---
title: "Data Preparation"
---
```{r}
#| include: false
library(webforest)
library(dplyr)
```
This guide covers how to structure your data for webforest, handle missing values, and prepare data from common meta-analysis workflows.
::: {.callout-tip}
## Key Principle: Column Names, Not Values
webforest uses a **column-mapping pattern**: you specify which columns contain your data, not the values themselves. This makes it easy to use any data frame without renaming columns.
```r
# Your data can have any column names
my_data <- data.frame(my_study = ..., my_or = ..., my_lo = ..., my_hi = ...)
# Just map them to the right arguments
forest_plot(my_data, point = "my_or", lower = "my_lo", upper = "my_hi", label = "my_study")
```
:::
## Required Columns
At minimum, `forest_plot()` needs four column mappings:
| Argument | Description | Example |
|----------|-------------|---------|
| `point` | Point estimate (effect size) | Hazard ratio, odds ratio, mean difference |
| `lower` | Lower confidence interval bound | 95% CI lower |
| `upper` | Upper confidence interval bound | 95% CI upper |
| `label` | Row label text | Study name, subgroup |
```{r}
# Minimal example
data <- data.frame(
study = c("Smith 2020", "Jones 2021", "Lee 2022"),
hr = c(0.72, 0.85, 0.91),
lo = c(0.55, 0.70, 0.75),
hi = c(0.95, 1.03, 1.10)
)
forest_plot(data,
point = "hr", lower = "lo", upper = "hi", label = "study",
scale = "log", null_value = 1
)
```
## Optional Columns
Beyond the core four, you can map additional columns for styling and display:
| Category | Columns | Purpose |
|----------|---------|---------|
| **Grouping** | `group` | Hierarchical nesting |
| **Row styling** | `row_type`, `row_bold`, `row_indent`, `row_color`, `row_badge` | Per-row appearance |
| **Cell styling** | `style_cols`, `style_bold`, `style_color`, `style_bg` | Per-cell formatting |
| **Display** | Any column referenced in `columns = list(...)` | Extra data columns |
## Handling Missing Values (NA)
webforest uses `NA` values strategically for structured layouts:
### Header and Spacer Rows
Rows with `row_type = "header"` or `"spacer"` typically have `NA` for effect estimates.

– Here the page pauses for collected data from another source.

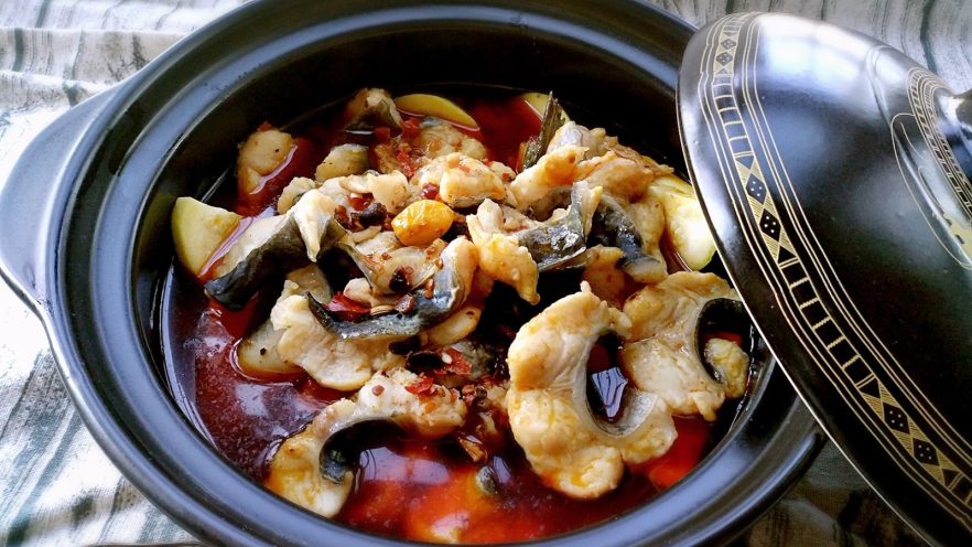 3. 鱼肉煮到4分熟的样子,就放在砂锅里煮。煲出来的鱼是3、另外一种味道。这里选用陶煲王的砂锅。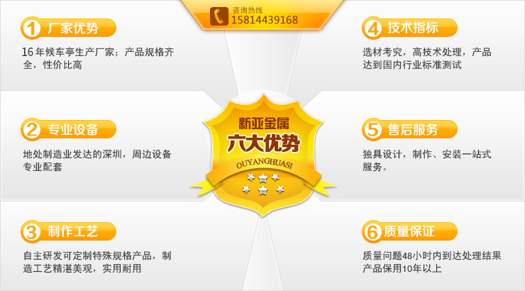 深圳市新亞金屬制品有限公司坐落于沿海經(jīng)濟(jì)中心——深圳,是國內(nèi)城市公共設(shè)施、交通設(shè)施、裝飾工程企業(yè)之一,是一家具有自主研發(fā)和設(shè)計(jì)能力的以公交候車亭為主導(dǎo)的綜合性金屬制品企業(yè)。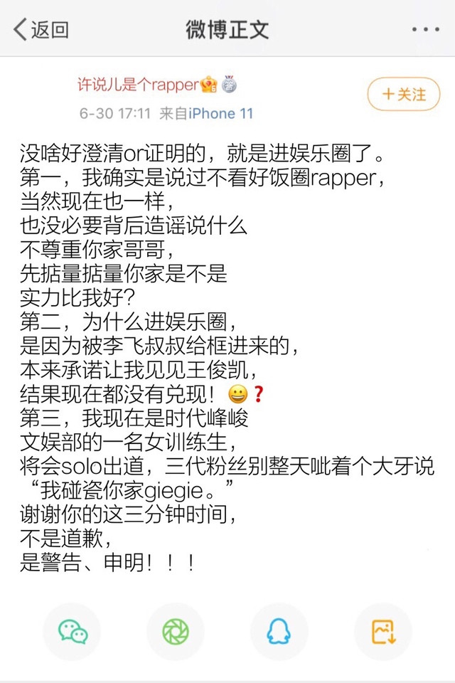 不过,许说确实不太喜欢饭圈rapper。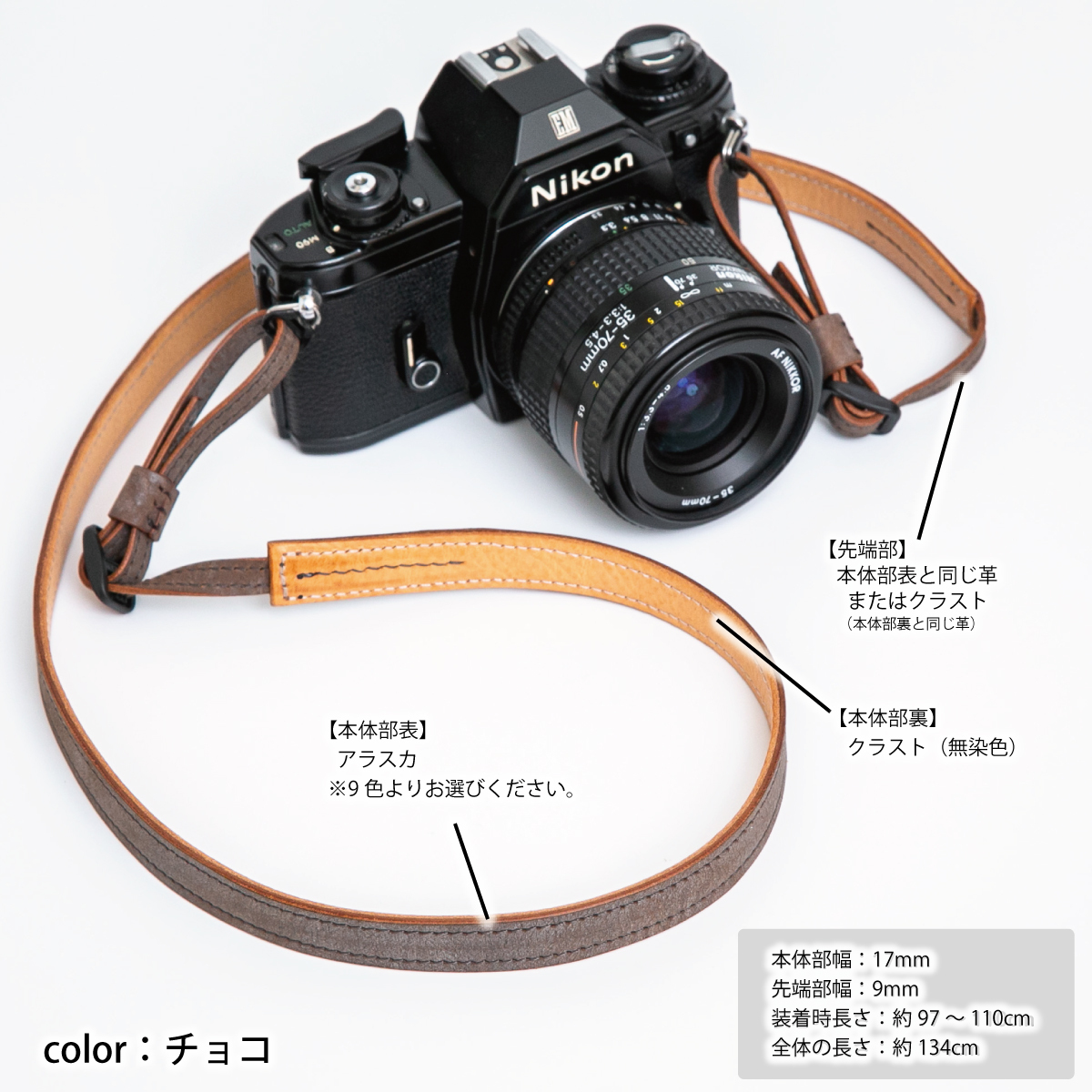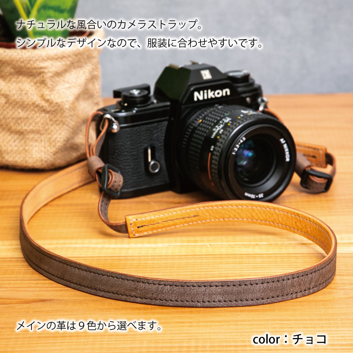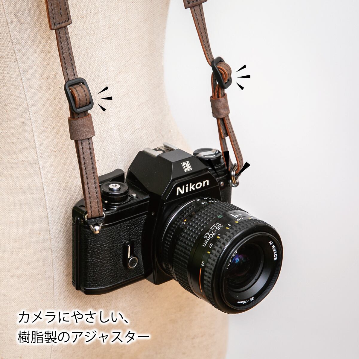 イタリアンレザーを使用し、金具不使用、柔らかくて丈夫な『カメラと撮影者にやさしい』ストラップです。

The plot renders these as label-only rows without intervals:
```{r}
structured <- data.frame(
label = c("Primary Outcomes", " CV Death", " MI", "", "Secondary"),
hr = c(NA, 0.82, 0.79, NA, NA),
lower = c(NA, 0.72, 0.68, NA, NA),
upper = c(NA, 0.94, 0.92, NA, NA),
rtype = c("header", "data", "data", "spacer", "header"),
rbold = c(TRUE, FALSE, FALSE, FALSE, TRUE)
)
forest_plot(structured,
point = "hr", lower = "lower", upper = "upper", label = "label",
row_type = "rtype", row_bold = "rbold",
scale = "log", null_value = 1
)
```
### Missing Effect Estimates
For data rows where an effect couldn't be calculated, `NA` values display the label without plotting an interval. This is useful for subgroups with insufficient data.
### Styling Column NAs
`NA` in styling columns (e.g., `row_color`, `row_badge`) means "use default" - no special styling is applied.
## Scale Considerations
### Log Scale
::: {.callout-warning}
## Log Scale Requires Positive Values
When using `scale = "log"`, all values in `point`, `lower`, and `upper` must be **positive**. Zero or negative values will cause rendering errors.
:::
When using `scale = "log"`, all values in `point`, `lower`, and `upper` must be positive:
```{r}
#| eval: false
# This will cause issues:
bad_data <- data.frame(
study = "Problematic",
or = 0, # Zero breaks log scale
lower = -0.1, # Negative breaks log scale
upper = 1.5
)
# Solution: Filter or handle before plotting
good_data <- your_data |>
filter(or > 0, lower > 0, upper > 0)
```
Typical `null_value` for log scale: `1` (ratio of 1 = no effect)
### Linear Scale
Linear scale accepts any numeric values including negatives:
```{r}
# Mean difference example (linear scale)
diff_data <- data.frame(
comparison = c("Treatment A", "Treatment B", "Treatment C"),
mean_diff = c(-2.5, 1.3, -0.8),
lower = c(-4.1, -0.2, -2.1),
upper = c(-0.9, 2.8, 0.5)
)
forest_plot(diff_data,
point = "mean_diff", lower = "lower", upper = "upper",
label = "comparison",
scale = "linear", null_value = 0,
axis_label = "Mean Difference (95% CI)"
)
```
Typical `null_value` for linear scale: `0` (difference of 0 = no effect)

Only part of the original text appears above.